Phew…where to start? Well, we are about halfway through our first day here in Tianjin, and there is much to mention.

The trip was mostly uneventful yesterday…just long, long, long. We got to the gate in Des Moines, just in time to board…then we had to wait for a while before we could leave. O’hare was delayed. We arrived in Chicago around 7:30 AM or so, deplaned and took our time finding our way to the next terminal. We had several hours to kill, so we just ate some breakfast and wandered for a while.
As we made our way back to our gate to settle in and wait for the plane, a woman ran up to me, gave me a big hug, and said she’s been reading our blog and feels like she knows us. Her name is Mary and she is accompanying her husband Tim to China as well. Apparently she heard of our blog through friends of a friend’s sister…or something like that. Anyway, it was great to meet another couple preparing to head out on this journey as well. We sat and visited with them while we waited to board the plane.
Now let me explain my logic for choosing the last 2 seats on a plane which seats 350 people. I know myself, and I didn’t want to have to be stuck next to someone (besides Matt) for 13 and ½ hours, and the last 3 rows have just two seats, so I figured that’d be perfect. Even though it was clear in the back, I thought we’d be close to the bathrooms and in our own little corner. When we traveled to Boston last summer, we didn’t have any problems walking back to our seats…but I underestimated how challenging it would be to walk back 60 something rows…through 3 different cabins…while carrying 2 bags. Matt did his best, but we had to walk through a tiny aisle with a wall on one side, and it seemed like my foot was always in his way. Finally, we made it to the back, thanks to help from 2 very friendly flight attendants. But we were frazzled, hot, and crabby.

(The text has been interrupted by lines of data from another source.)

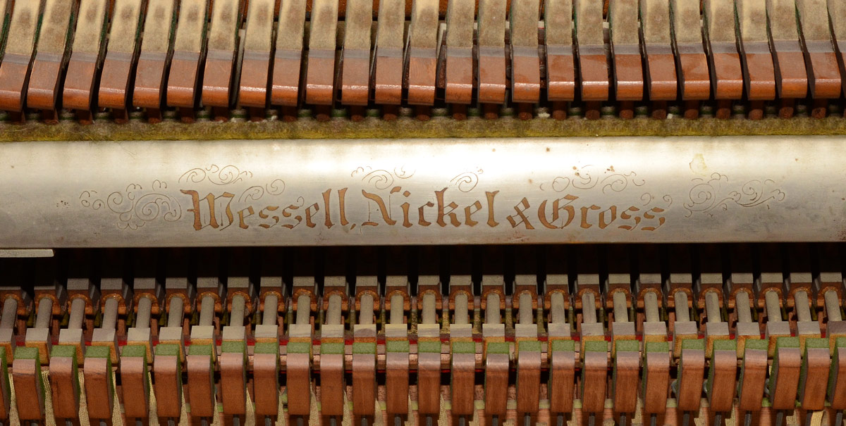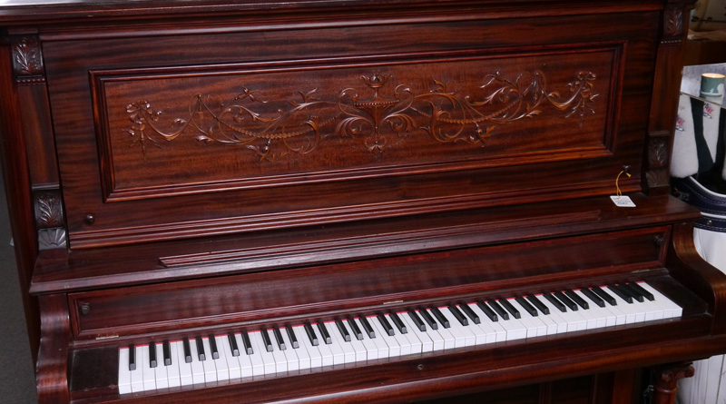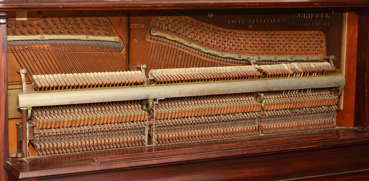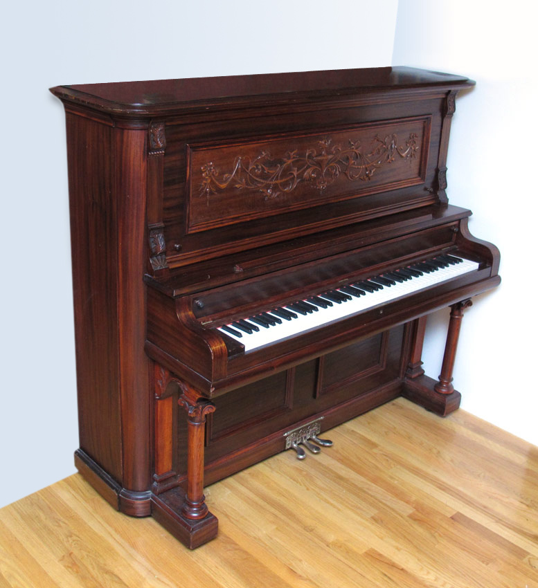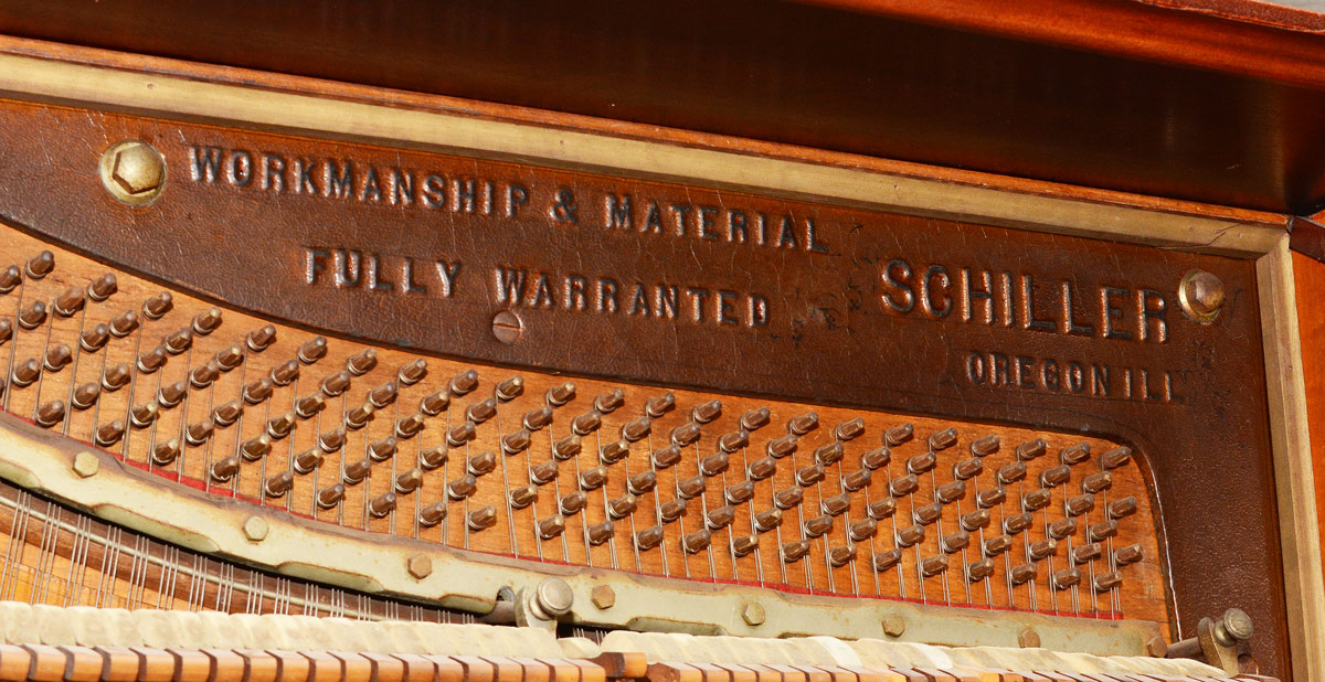MAHOGANY 1904 SCHILLER UPRIGHT GRAND PIANO: Mahogany case with carved panel decoration to top door with urn and floral garland motif. Carved and tuned full column legs, framed panels on bottom door. Marked ''Workmanship & Material Fully Warranted, Schiller , Oregon, Ill'' on soundboard, serial number 21433, dates to 1904. Overall measures 58 1/4'' x 67 3/4'' x 28 1/4''.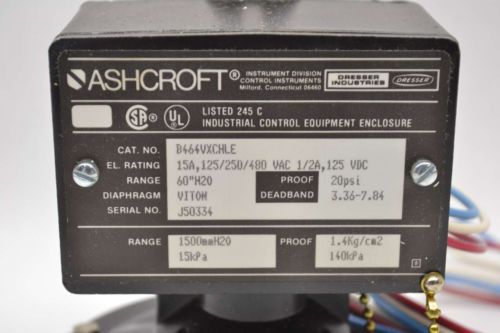 NEW ASHCROFT B464B XCGCHLE PRESSURE 150-IN-H2O 3750MM-IN-H2O SWITCH B479234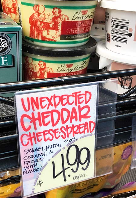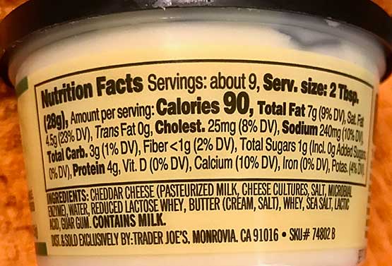 They took TJ’s incredibly popular Unexpected Cheddar cheese and made it into a spread like a pub cheese by adding things like butter and whey to make that hard cheese now spreadable. What a great idea, no?

On the way out, we decided to use the ‘aisle seat’…which is a tiny chair on wheels which they can use to wheel people out on. It was definitely a better idea…but it took forever for them to get the chair, and about 10 people. The cleaning crew had come aboard the plane and were all a chatter trying to figure out why we were still on there. That was fun. Luckily we had a very helpful agent who wheeled us off the plane, where the other 2 couples traveling to Tianjin were waiting. We had our little caravan of wheelchairs, helpers, and spouses and we trucked through the airport, through customs, baggage claim, and finally out to meet the representatives from China Connection.
Ruth was there with 3 of her employees and we loaded ourselves up and headed out of Beijing. On the bus we all excited and chatting about things…but about 30 minutes into the ride, I think most of us had dozed off. I was amazed I could sleep, given that it felt like we were going to crash at any moment…fast, slow, zig-zag, honk…which brings me to the traffic here in China. Crazy. That’s the only word that I can think of to explain it…just…plain…crazy. There are so many cars, people walking, people on bikes, people on scooters, people pulling carts…all sharing the same bustling streets. It was mind-boggling to observe. By the time we rolled in to town, it was dark and I couldn’t believe how many people were out walking around and riding bikes. And somehow they don’t get flattened by speeding buses and dinky cars?! Incredible. Maybe it’s because everyone here drives around honking their horns…constantly. Honk, I’m coming over. Honk, you’re in my way. Honk, hey look at that. Honk, I have a horn. I swear…it is constant. In the states you only hear honks when someone does something to irritate you…here, it’s just like honking for the fun of it, and no one seems bothered by it. Maybe they just don’t have road rage like we do back home…but if someone honked like that there, you’d be sure to see lots of other gestures accompanying the honk. Not so, here.
Once we got to the hospital, we were greeted by a slew of nurses who whisked the patients up to their rooms while us family members were stuck getting the baggage. I was happy we packed as light as we did. (Is it bad that I packed a heavier suitcase for my 4 day trip to Vegas than Matt did for a 90 stay here? But, I digress.) Once we all got up on the floor, we found our family members and started to try and settle in. The nurses came and went, taking vitals…they actually put thermometers in your arm pit and have to use a blood pressure cuff! Imagine! They don’t have the nifty little carts to wheel in and do everything electronically like back home. The nurses also wear the old fashioned looking uniforms with hats and some wear skirts. Not like the srubs everyone wears at home. After all the hub-hub finally settled down, around 9:30 or so, we unpacked and got ourselves ready for bed.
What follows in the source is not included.